As have asked above about "... a regular svm.SVC().fit " kindly notice, it uses default [C,gamma] values and thus have no relevance to behaviour of your Model / ProblemDOMAIN.

Re: Update

oh yes indeed, regularisation/scaling of SVM-inputs is a mandatory task for this AI/ML tool. scikit-learn has a good instrumentation to produce and re-use aScalerOBJECT for both a-priori scaling ( before aDataSET goes into .fit() ) & ex-post ad-hoc scaling, once you need to re-scale a new example and send it to the predictor to answer it's magic via a request to anSvmCLASSIFIER.predict( aScalerOBJECT.transform( aNewExampleX ) )

( Yes, aNewExampleX may be a matrix, so asking for a "vectorised" processing of several answers )

Performance relief of O( M 2 . N 1 ) computational complexity

In contrast to the below posted guess, that the Problem-"width", measured as N == a number of SVM-Features in matrix X is to be blamed for an overall computing time, the SVM classifier with rbf-kernel is by-design an O( M 2 . N 1 ) problem.

So, there is quadratic dependence on the overall number of observations ( examples ), moved into a Training ( .fit() ) or CrossValidation phase and one can hardly state, that the supervised learning classifier will get any better predictive power if one "reduces" the ( linear only ) "width" of features, that per se bear the inputs into the constructed predictive power of the SVM-classifier, don't they?


Support Vector Machines are sensitive to scaling.
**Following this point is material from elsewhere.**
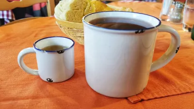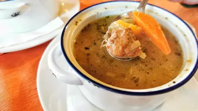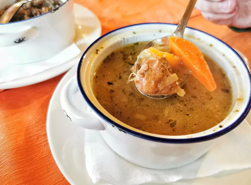 V začetku radi ob kruhu in domačih bombicah ponudijo tudi domačo pašteto, tudi te ni malo, potem pa so na vrsti krepke juhe, še raje enolončnice. Pokusili smo seveda konkreten odmerek vroče goveje juhe (štiri evre), ki ob takšnem vremenu mora biti na svojem mestu, a smo bili še veliko bolj navdušeni nad telečjo obaro. Okusna, gosta, s pravim presežkom telečjega mesa je imela pomembno spremstvo, porcijo pravih ajdovih žgancev z ocvirki. Boljših že dolgo nismo pokusili.

It is most likely that your SVC is taking a longer time to build an individual model. GridSearch is basically a brute force method which runs the base models with different parameters. So, if your GridSearchCV is taking time to build, it is more likely due to

  1. Large number of parameter combinations (Which is not the case here)
  2. Your individual model takes a lot of time.